Saltburn: another horrible man wins everything

Barry Keoghan and Jacob Elordi in Saltburn

Saltburn is a morality tale, or perhaps a parable. It doesn’t end with a lesson, but a warning. It’s the story of Oliver Quick (Barry Keoghan), a scholarship student at Oxford who presents himself as poor and orphaned. He pretends to be kind and helpful to befriend Felix Catton (Jacob Elordi), and Felix buys into the ruse. There are spoilers ahead.

Saltburn is the huge estate owned by the Catton family. It appears to be inherited wealth, because no one in the Catton family has the good sense to do anything useful. They don’t have the wisdom to detect grifters either, because when Felix brings Oliver home for the summer they fall completely under his spell.

Jacob Elordi in Saltburn
The beautiful Felix

Felix’s family included his father Sir James Catton (Richard E. Grant), his mother Elspeth Catton (Rosamund Pike), and his sister Venetia Catton (Alison Oliver). Various hangers-on and parasites live there, including Poor Dear Pamela (Carey Mulligan).

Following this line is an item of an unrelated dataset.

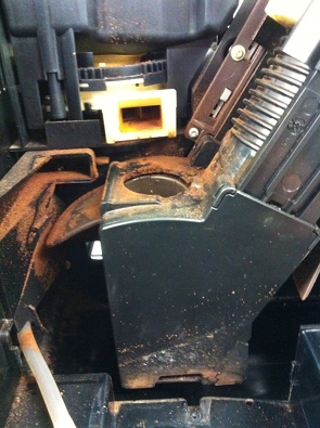 Innenreinigung des Gehäuses. Da sich erfahrungsgemäß im Inneren eines Kaffeevollautomaten immer Reste von gemahlenem Kaffee befinden, wird das Gehäuse mit Druckluft ausgeblasen. Dadurch wird vermieden, dass sich diese Reste von Kaffeepulver in Verbindung mit eventuell auftretenden Undichtigkeiten zu einer hartnäckigen Ablagerung im Gehäuseinneren verdichten.
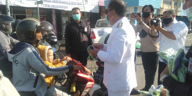 LAHAT, LhL – Usai melakukan Upacara Bendera Merah Putih, dalam rangka memperingati hari jadi Republik Indonesia yang ke 75, Bupati Lahat berserta rombongan menujuh ke Pasar Lematang (Simpang Empat Lampu Merah) untuk membagikan Masker kepada para pengendara, Pedagang dan Masyarakat. Minggu (17/08).

This film was written and directed by Emerald Fennell. Her previous work includes Promising Young Woman, which I found brilliant. In that film, a wronged woman found a way to bring justice to the horrible men. In this film, the horrible man wins it all. He’s a liar and manipulator who will do anything to take what he wants. True, the riches he sought belonged to a family of idiots, but his methods were sick and disgusting.

Fennell takes plenty of time exploring the sick psychopathy of Oliver Quick. He’s a horrible human being.

Barry Keoghan in Saltburn
The creepy Oliver

What’s Fennell’s purpose in telling a story like Saltburn? Warning us to watch out for the Trumps of the world? Barry Keoghan did a brilliant job playing that kind of character. There are plenty of horrible human beings running around in positions of power nowadays. It’s time we learned how to identify and deter them in their quest for money and power. We need some promising young women to teach them how to behave!

My dislike for the characters aside, the performances and direction in the film were outstanding. Every line, every gesture, every frame all worked to create this masterpiece of manipulation. A skin-crawling masterpiece. I admire the film, but didn’t like watching it.

Thanks for reading this rather unfriendly review of the film. You can watch it for yourself on Prime Video. What did you think about this film?